Tussle: At the centre of the case are 23 tonnes of berries. [File, Standard]

More than 700,000 farmers may lose out in a battle between their union and the Government over a coffee auction permit.

In 2016, former Agriculture Cabinet secretary Willy Bett published a notice in the Kenya Gazette that enacted the Coffee (general) Regulations Act, 2016, which opened the coffee trade market to traders without provision of a licence.

The regulations, which are now pitting the Kenya Planters Cooperative Union (KPCU) and the State, lifted a 2012 requirement that for a firm or union to get a trading licence at the Nairobi Coffee Exchange (NCE), it had to provide a Sh1 billion guarantee.

In a battle that has drawn in NCE, Attorney General Kihara Kariuki and the Agriculture and Food Authority (AFA), KPCU claimed the Government had held on to the 2012 regulations, which have locked out many Kenyans from the coffee trade.

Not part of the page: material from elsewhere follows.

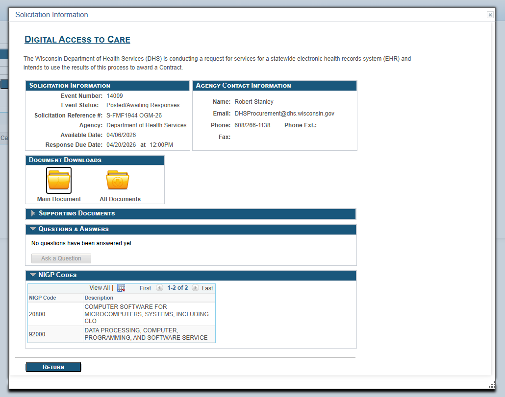 DHS is seeking proposals for a statewide electronic health records (EHR) system. The selected vendor will build a system to transform how providers interact with each other and with patients. The goal is to facilitate high-quality care for patients in rural Wisconsin. The selected vendor will design, implement, maintain, host, and manage a full-service EHR system in partnership with DHS and participating providers. The system will give providers the option to join a shared system with appropriate facility and provider-specific customizations, privacy, and security. The system will enable provider organizations to upgrade existing clinical and revenue systems and achieve economies of scale through a single statewide procurement.

It argued that High Court Judge George Odunga last year declared that the contested regulations were effective but the State had continued to lock out traders based on the old regulations on the pretext that it was still consulting on the import of the judgement.

At the centre of the dispute are 23 tonnes of coffee provided by KPCU members, which the union has said will go to waste.

The AG, on the other hand, has argued that KPCU cannot participate in the auction as it does not have a marketing agent licence.

“Pursuant to the Coffee Regulations 2012, for the applicant to be issued with a marketing permit, it must submit a bank guarantee worth Sh1 billion,” the AG argued.

The AG added that there was no way of securing farmers in the event their union did not remit their money.

“Allowing the applicant to participate in the Nairobi Coffee Exchange without a bank guarantee exposes farmers to top losses as there is neither a guarantee nor any existing mechanisms to secure them from non-payment of their dues by the applicant,” he added.

The union claimed the AG was aware that the 2016 regulations were in place but failed to advise that traders did not require licences. The case will be heard on December 6.